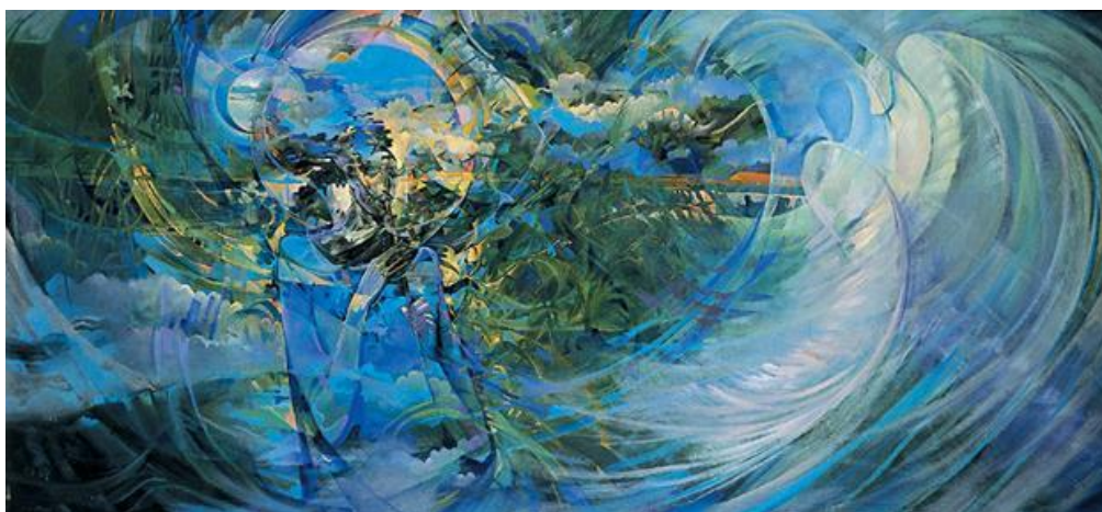
تصویر ۱. حبیب الله صادقی، هجران، شماره یک، ۱۳۶۸، ۲۶۰ در ۱۲۰ سانتی متر، میکس مدیا، (URL)
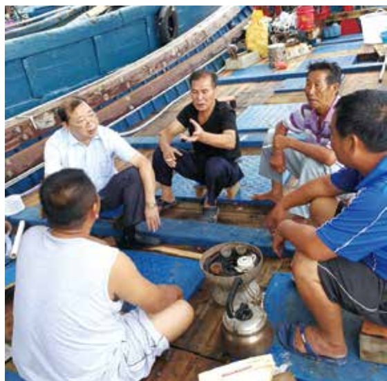
人大代表到渔民劳作渔船上了解渔民生产生活情况，向渔民宣传政策法规。
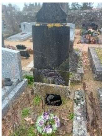
La section UNC de La BERNARDIERE

Alors qu'elle tombait en désuétude et en respect de la légalité, les Soldats de FRANCE de La BERNARDIERE ont décidés de procéder à sa restauration.
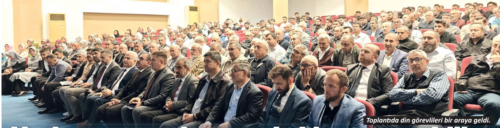
Toplantıda din görevlileri bir araya geldi.

1 ünite kan bağışı ile 3 kişinin hayatını kurtarıp doğaya 3 adet fidan bağışladınız. İyi ki varsınız kan dostları!” dedi. – Erkan Uysal
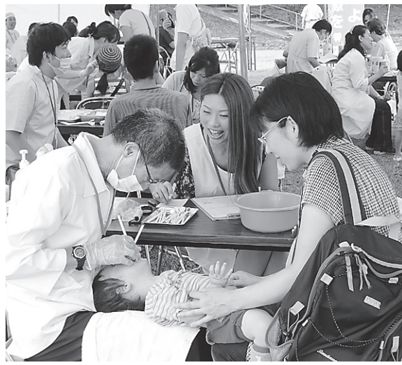
多くの市民が受診した9月18日、吹田市千里南公園

協会の北大阪地区は、9月18日、吹田市千里南公園で開かれた第29回吹田「よっこいで祭り」で無料歯科健診に取り組み、市民730人が受診した。歯科医師10人と衛生士15人が出務した。同祭りで健診は今年で10回目。
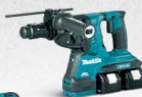
DHR283 Akumulatorska bušilica-čekić
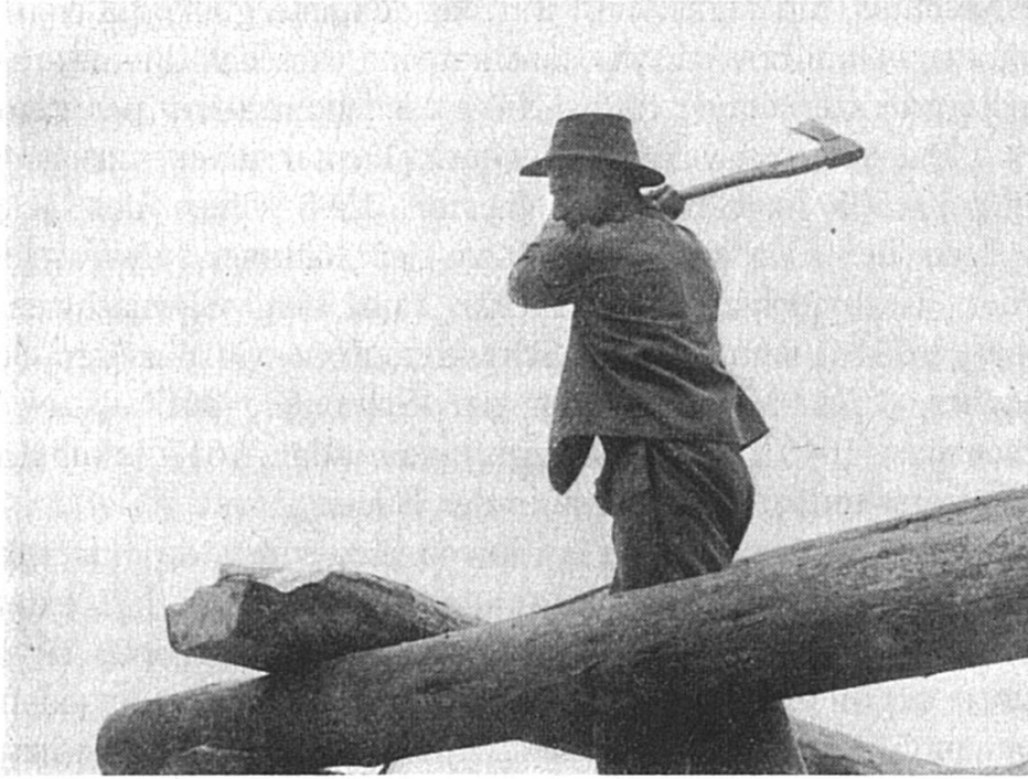
Far clavau. In pur-lennari fa giu vacca al pardaun (emprem lenn dil trer-tetg). Cuolms de Breil.
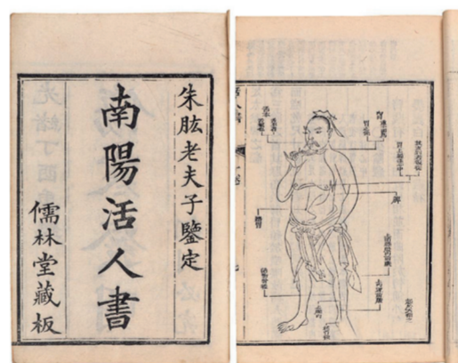
《南阳活人书》朱肱著 清光绪二十三年(1897年)刻本
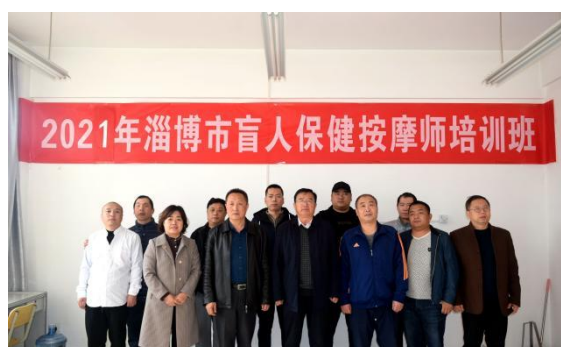
图3-5 淄博市第十届盲人按摩社会培训班开班

由淄博市残疾人联合会主办、淄博市特殊教育中心承办的第十届市盲人按摩社会培训班于10月19日在学校正式开班，本期培训是学校承担的第23期培训任务，为期30天，共招收12名学员。由学校中医康复保健教师执教，向盲人学员系统传授职业道德、人体解剖、经络腧穴等基本理论知识和伤科、妇科、儿科等专科实践操作手法，还涉及就业创业指导课程，学员培训完成并通过考核后，将颁发结业证书。
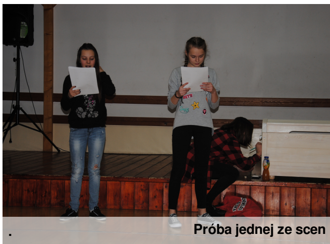
Próba jednej ze scen
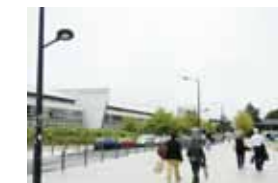
ナント大学(フランス)

世界中の大学との間で結ばれた交流協定に基づき、一定期間、学生を海外の協定校へ派遣する制度です。派遣先では外国語や専門科目などを現地の学生や世界からの留学生と共に学ぶことができます。
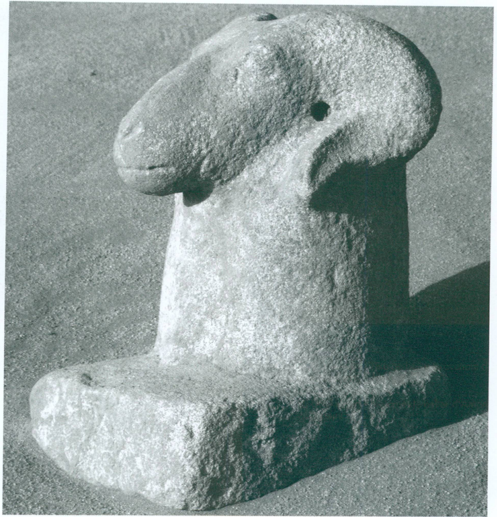
4. Doukki Gel | Protomé de bélier d'Amon, grès peint

6. On trouvera, par exemple, des représentations de Thoutmosis IV manipulant ces deux catégories d'objets sacrés dans BRYAN 1987, pp. 18-19.
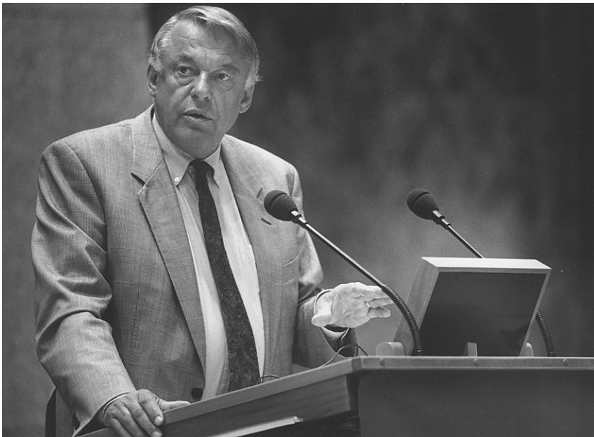
De heer Van Mierlo, Minister van Buitenlandse Zaken

dat hij de leider is van een partij die deelneemt aan de regering en die dus naar mijn mening niet de ruimte behoort te nemen om op een essentieel onderdeel, als het ware buiten deze zaal, het voorstel te doen, het beleid te wijzigen.
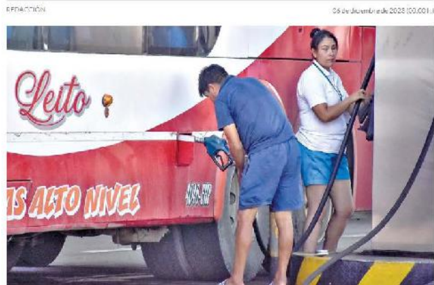
Un transportista carga diésel en una estación de servicio.

Temen que YPFB no cumpla la demanda del agro en época de siembra. Gobierno descarta quitar la subvención de carburantes y CAO plantea cuatro condiciones.
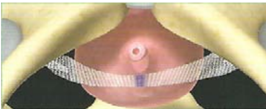
Afbeelding 2.
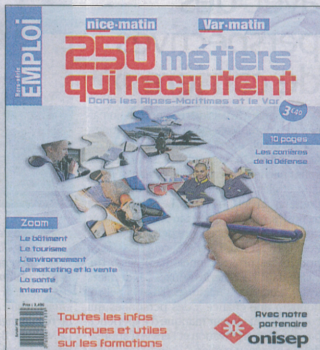
Le hors-série est en vente dans les kiosques à partir d'aujourd'hui au prix de 3,40 euros. (Infographie S. Collie)

Un zoom de dix pages est consacré à la Défense. Que cela soit la Marine, l'armée de l'air ou de terre, les possibilités sont vastes et les
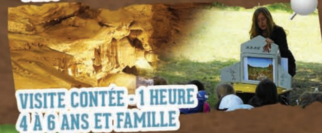
VISITE CONTÉE - 1 HEURE 4'À 6' ANS ET FAMILLE
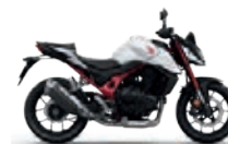
Pearl Glare White
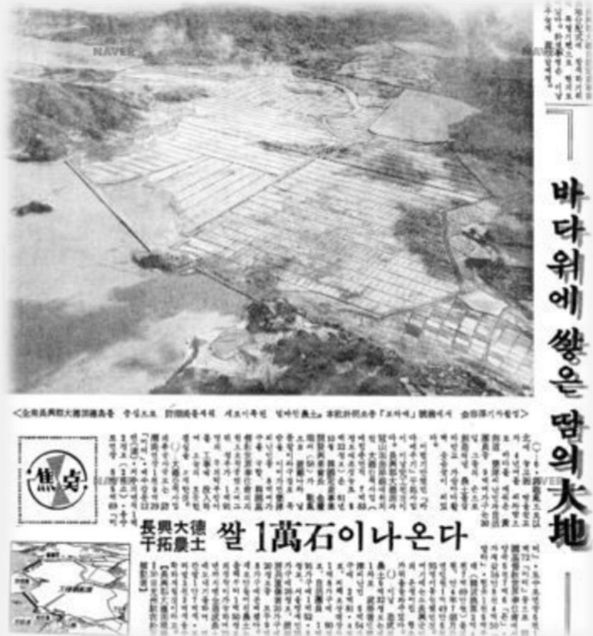
장흥 정착사업 농지의 쌀 생산량 주목한 보도
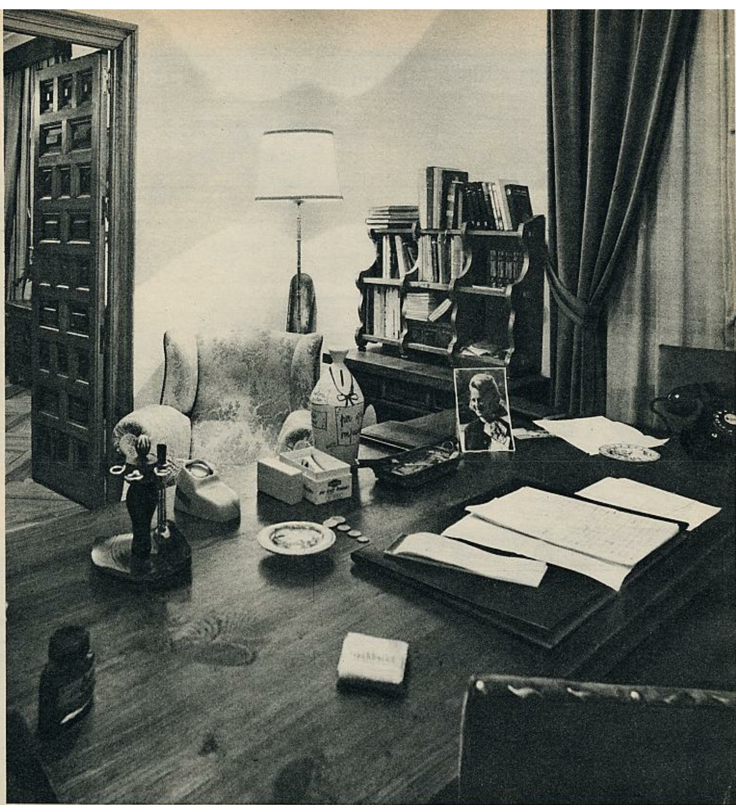
El cuarto de trabajo de Carlos Hugo de Borbón-Parma en su residencia madrileña de la calle de Hermanos Becquer. Es licenciado en Derecho por la Sorbona, y en Ciencias Económicas por Oxford. Habla a la perfección el inglés, francés, alemán, italiano y portugués. Sobre su mesa de trabajo, una foto de su prometida, la princesa Irene.

momento muy a favor del marqués de las Claras; había varios argumentos: hablaba perfectamente el holandés, conocía muy bien los Países Bajos, se le había visto acompañado en alguna ocasión de la princesa... Pero, en realidad, nada autorizaba a dar este pretendiente como seguro. Las especulaciones continuaban, el misterio se mantenía.
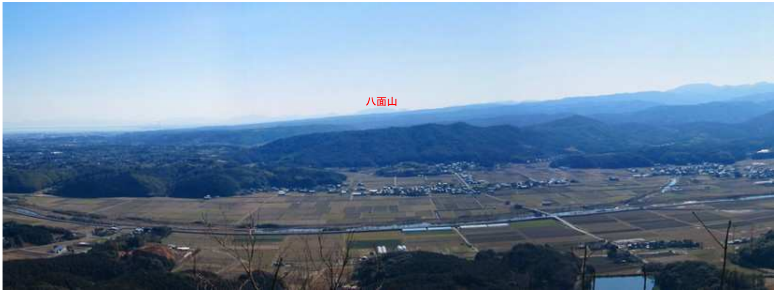
10:54 展望岩から南の展望(1)。
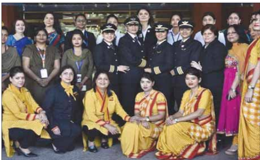
طاقم رحلة طيران «إير انديا»
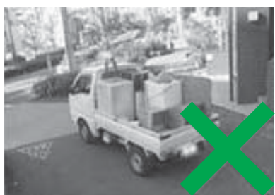
トラック型不用品回収

不用になった家電製品などを処分するときは、廃棄物の処理および清掃に関する法律の許可を得ていない無許可の回収業者に依頼しないでください。一般廃棄物収集運搬業の許可や市の委託を受けずに一般家庭や事業者から使用済みの家電製品などを戸別回収することは、法律に違反するものです。
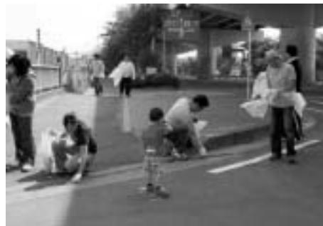
第18回ゴミゼロ運動

= = =

**YOUR GOAL**
Return the lines of the listing where the string "BERNARDIERE" appears.

**ANSWER SPACE**
La section UNC de La BERNARDIERE
Alors qu'elle tombait en désuétude et en respect de la légalité, les Soldats de FRANCE de La BERNARDIERE ont décidés de procéder à sa restauration.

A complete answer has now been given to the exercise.